Apple-Infused Caramel Corn


FOR THE CARAMEL (these are estimates--feel free to tinker around):
4 tablespoons unsalted butter
1/2 cup brown sugar
1/2 teaspoon salt
1 teaspoon cinnamon
1/2 teaspoon vanilla extract
2 ripe Braeburn apples, sliced
3 teaspoons light oil (canola or vegetable)
cup popping corn kernels


Melt butter in heavy saucepan over medium-low heat, then add both sugars. Stir constantly until the sugar begins to dissolve, then lower the heat. Stir occasionally until the mixture is completely liquid and starts to turn a light brown. Add the salt, cinnamon, and vanilla and stir to combine. Place the apple slices in the caramel mixture, cooking until soft. Remove the apples and eat them while you prepare the popcorn.

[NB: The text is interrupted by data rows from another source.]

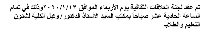اجتماع لجنة العلاقات الثقافية Read more about اجتماع لجنة العلاقات الثقافية اجتماع لجنة العلاقات الثقافية تصنيف الخبر Alumni 4 يناير 2021
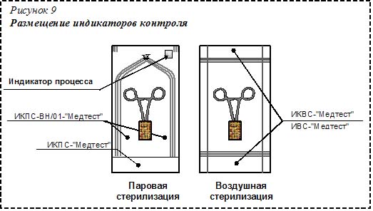 6.1. Контроль параметров режимов и условий стерилизации осуществляется с помощью химических индикаторов, размещаемых как снаружи, так и внутри стерилизационной упаковки.
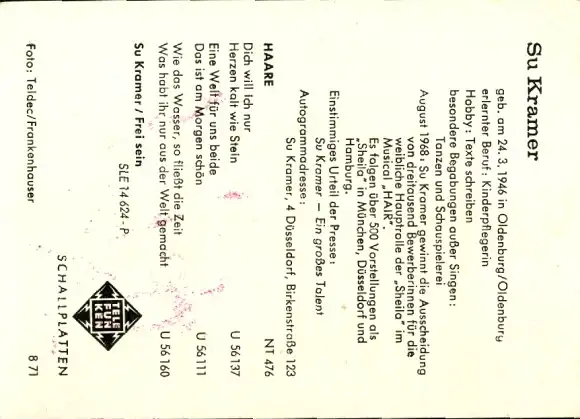 Autogrammkarte Sängerin Su Kramer, Portrait, Telefunken, Autogramm

In a large pot with a lid, heat the oil over medium-high heat. Test the temperature by throwing in one kernel--if it pops, the oil is hot enough for the rest of the kernels. Add the kernels and shake once to coat with oil, then cover the pot with the lid. Once the popping has slowed, turn off the heat and set the pot aside.
Pour the reserved caramel into the pot with the popcorn, cover with a lid, and shake to coat. Enjoy!